The idea of honouring your father is one that has been around since ancient times. Treating fathers with respect has always been an important part of societies around the world, regardless of race, ethnicity, religion or class.
Some say there is early evidence of a son named Elmesu giving his father a card made from clay, wishing his father a long life and good health, and that this happened 4,000 years ago in Babylon.
However, the most well-known incarnation of what we know today as the holiday called “Father’s Day” is actually quite a relatively recent development. And as with actual fathers, the history of Father’s Day is historically tied to its female counterpart, Mother’s Day.
In the United States, Mother’s Day as an official holiday started in 1908, when a woman named Anna Reeves Jarvis started the campaign to make a national holiday celebrating mothers, in memory of her own mother who had died a few years earlier.

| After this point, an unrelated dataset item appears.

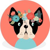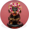 Chien avec une couronne de fleurs en forme de coeur Assiette en plastique cercle mural ⌀ 150 cm XXL / Groot format!

In 1909, a year later, a lady by the name of Sonora Louise Smart Dodd attended a Mother’s Day service at her church.
When Sonora Dodd was 16, her mother passed away while giving birth to her sixth child. Her father, who was a civil war veteran and father, had to raise her and her five brothers on his own.
Raising six children as a single parent is not an easy task today, and doing so over 100 years ago must have been a very difficult one indeed. Sonora Smart Dodd believed that fathers like her own deserved a day to celebrate them as well and started her own campaign to make Father’s Day a holiday as well.
In 1910 Sonora Dodd managed to get the mayor of her town as well as the state governor to officially recognise the holiday and have the date in June, on her father’s birthday. As years went by the holiday spread across the country until 1966 when it was officially made a holiday in the United States. During that time Father’s Day has become celebrated worldwide.
Like Mother’s Day, it’s celebrated on different days in many different countries, but wherever you may be, the idea of Father’s Day is still one of honour, respect and love for all the men who are important providers, protectors and caregivers to families around the world.